The likely chain of events was this: Someone was shown a particularly catchy video of several people singing a sea shanty and liked it, so it was then shown to more people who also liked it, and then someone liked it enough to post it on Twitter, where it went even more viral because Twitter is the exact audience who would look at this and be like, “Wow, sea shanties are going viral on TikTok, how quirky and uplifting!” Then a bunch of reporters like me saw it and knew that it would make for decent content on our websites, because readers and viewers like watching things that are novel but also familiar, especially right now, when our brains are exhausted from constant stimulation but desperate for even more of it.
This is why phenomena like sea shanties keep happening over and over again and why none of it ultimately matters. As Kyle Chayka and Taylor Lorenz discussed on Twitter, “The quarantine-era internet just makes us cycle through obscure niches of culture faster and faster,” and “It’s sort of just some dumb inconsequential/non-controversial piece of culture that everyone can write up/talk about.” Baffler editor Jess Bergman tweeted, ‘If I see one more explainer about sea shanties on the teen video app I am going to go postal.”
Of course, all of us are people whose job is to interpret the internet, but I sense that there’s some fatigue happening on the consumer side as well. When Elon Musk, the richest man in human history and terminal sufferer of posting disease, tweeted about sea shanties, it was then astutely compared to the Denny’s Twitter account killing memes in the 2010s. People get annoyed at this stuff. There’s just too much of it.
It would be lovely if sea shanties did actually save us, wouldn’t it? But we know better by now, because the Ratatouille musical did not save us neither did the Fleetwood Mac skateboarding guy and neither will whatever thing two weeks from now “everyone on TikTok is obsessed with!” (probably the Bridgerton musical). To avoid sounding like the world’s biggest curmudgeon, I do think it is generally nice watching people discover and enjoy something they wouldn’t have otherwise or collaborate with each other across the internet (the video where a bunch of people sing Smash Mouth’s “All Star” in sea shanty cadence is funny), but none of that is unique to sea shanties. It’s just the way things work now.
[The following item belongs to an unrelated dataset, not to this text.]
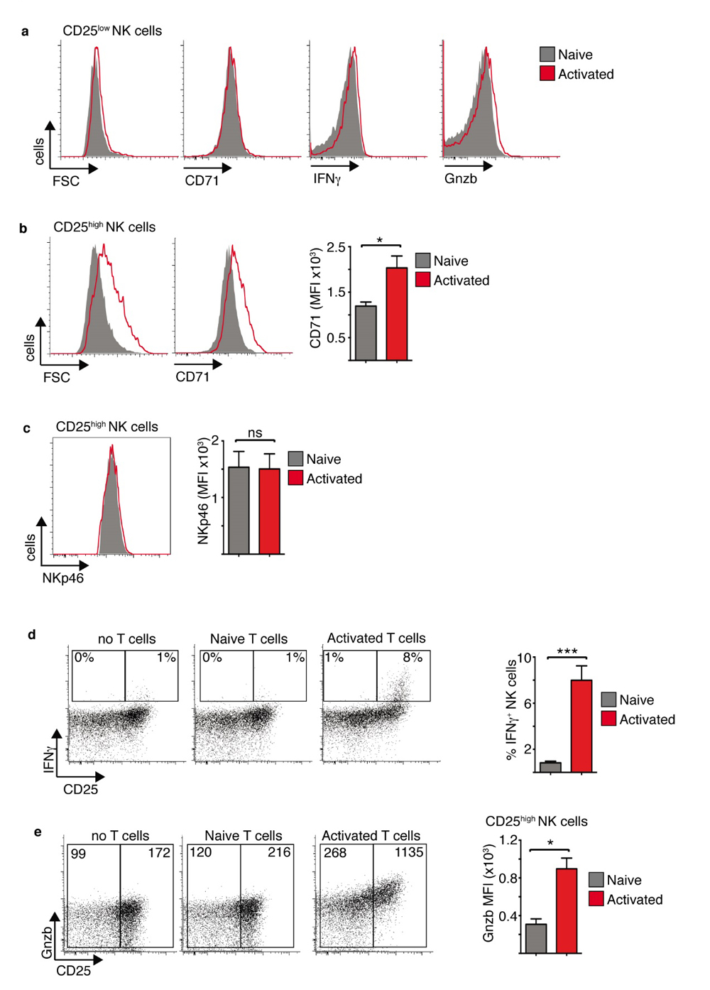 Figure 2. Activated T cells support increased metabolism and function of CD25high tumour interacting NK cells. Cultured NK cells (6 days in IL15 10 ng/mL) were purified and then co-cultured with B16 melanoma cells and purified T cells at NK:T:B16 ratio of 1:1:2. The T cells were either naïve or αCD3/αCD28-activated T cells. The NK cells were analysed by flow cytometry for cell size and CD71 (a,b), NKp46 expression (c) IFNγ production and Gnzb expression (a,d,e) in CD25low and CD25high NK cells as indicated. Data is representative (a–e) or mean ± SEM (b–e) of 4 independent experiments. Data was analyzed using a paired students t-test. (* p < 0.05, *** p < 0.001, ns non-significant).

I’ll leave you with the chorus to the Wellerman song, which one could argue is also a metaphor for finding hope on the internet. Perhaps one day, after our work is done, things will get better, and we can all get the hell out of here.
Soon may the Wellerman come
To bring us sugar and tea and rum
One day, when the tonguin’ is done
We’ll take our leave and go
TikTok in the news
- In an effort to protect children’s safety, TikTok has automatically set the accounts of users under age 16 to private (they can change it back to public if they want).
- In Andrew Yang’s New York, every brownstone will have its own Hype House.
- Teen Vogue wrote about the beauty tutorials showing how to create sexy eye bags.
- The omnipresent TikTok astrologer is making crazy money selling her membership program.
- In contrast, everyone loves the TikTok quesadilla hack.
- The #BussIt challenge is the latest delightful way to film a dramatic outfit transformation.
- ICYMI, here’s my story on the complicated realities of “body positive” content on TikTok.
One Last Thing
If you haven’t seen Kansas state Rep. Christina Haswood’s TikTok of herself getting ready to be sworn into the Kansas House of Representatives in traditional Navajo regalia, I don’t know what to tell you except watch it if you would like to feel joy!